Andere stehen Menschen in existenziellen Nöten zur Seite, trösten Trauernde und Hinterbliebene, geben unter Schock stehenden Zeugen von schweren Unfällen Kraft und Hilfe oder unterstützen Wohnungslose, stehen Menschen ohne Krankversicherung bei, helfen Süchtigen, einen neuen Anfang zu wagen.

Wieder andere sehen für sich die Aufgabe, Kreativität zu fördern, ja, junge Menschen überhaupt ihre Kreativität entdecken zu lassen und ihnen dafür Räume und Gelegenheiten zur Verfügung zu stellen; oder – auch das ganz ähnlich – dafür zu sorgen, dass Sportvereine funktionieren, dass Sport von jedem betrieben werden kann, der das gerne im Verein tun will und so auch auf diese Weise, durch Sport, Gemeinschaft neu erleben und beleben.

Andere wieder kümmern sich darum, die Geschichte, gerade die Orts- und Regionalgeschichte, im Gedächtnis lebendig zu erhalten, im Guten wie im Bösen: die Erinnerung zu bewahren und so das Bewusstsein für Heimat und Identität zu stärken.

Und es gibt die, die das Bewusstsein für die Eine Welt stärken, indem sie Partnerschaften initiieren und über lange Jahre wichtige Projekte fördern über Kontinente hinweg; oder die sich – wieder ganz vor Ort – stark machen für eine intakte lokale Infrastruktur, für lebendigen Einzelhandel, für eine lebenswerte Umwelt- und Verkehrspolitik, aber auch für ein lebendiges Dorf- und Vereinsleben, für die Unterstützung von Familien und Alleinstehenden gerade im ländlichen Raum.

Letztlich geht es immer um das Stärken von Gemeinschaft.

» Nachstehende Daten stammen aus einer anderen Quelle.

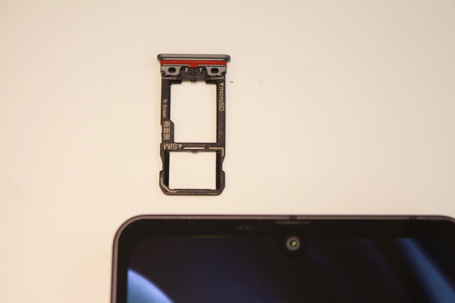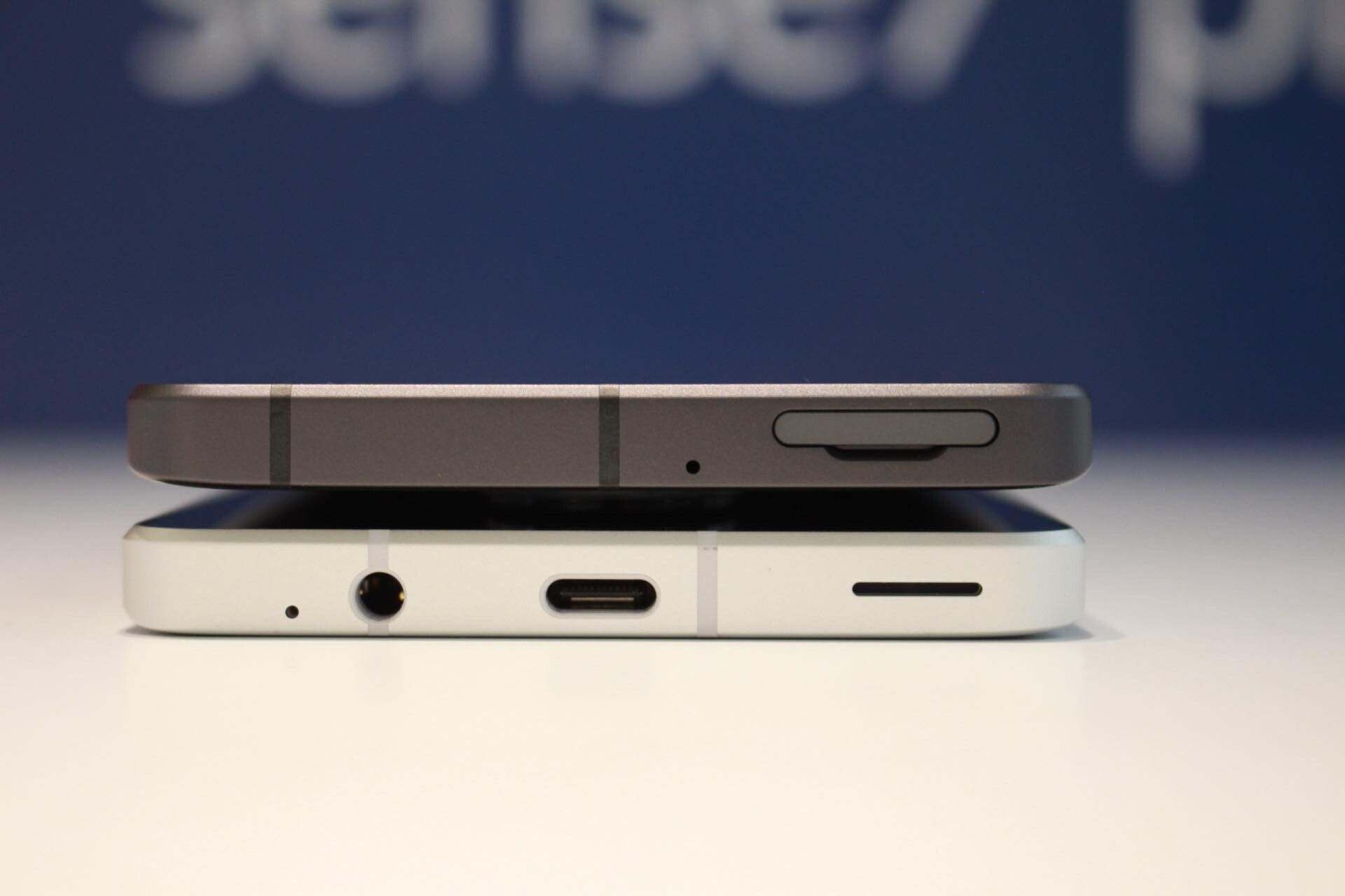 AQUOS sense7 plusの上下側面。上にマイクとカードスロット、下にUSB Type-C端子とスピーカー、3.5mmイヤホンマイク端子、送話口/マイクが配置されています。カードスロットはSIMピンが必要のない爪などで引っ掛けて開けるタイプ

Keiner soll allein bleiben. Jeder hat Stärken, die er einbringen kann und jeder hat Schwächen, wo er vielleicht auch mal die Hilfe von anderen benötigt.

Wieder einmal, und dafür bin ich Ihnen sehr dankbar, führt uns eine Ordensverleihung in einem ganz kleinen Ausschnitt vor Augen, aus wie vielen guten Puzzlestücken unser Gemeinwesen insgesamt zusammengesetzt ist. Aber es führt uns vielleicht auch vor Augen: Aus wie vielen guten Puzzlestücken unser Gemeinwesen zusammengesetzt sein muss, damit es funktioniert, damit es für uns alle lebens- und auch liebenswert ist.

Es ist ein Paradox. Wir brauchen oft gerade das am meisten, was man am allerwenigsten einfordern kann. Ehrenamt und Engagement, das sehen wir bei Ihnen, geschieht immer freiwillig. Es ist ein schöner, ein unersetzlicher Gebrauch der Freiheit: sich einzusetzen für andere.

Wenn ich Sie, meine Damen und Herren, liebe zu Ehrende, jetzt mit dem Bundesverdienstkreuz auszeichne, dann drücke ich damit den Dank unseres gesamten Landes für Ihren Dienst an uns allen aus – und auch den Dank für die viele Mühe, für die manchmal im Verborgenen bleibende Mühe, die Sie das auch oft gekostet haben mag.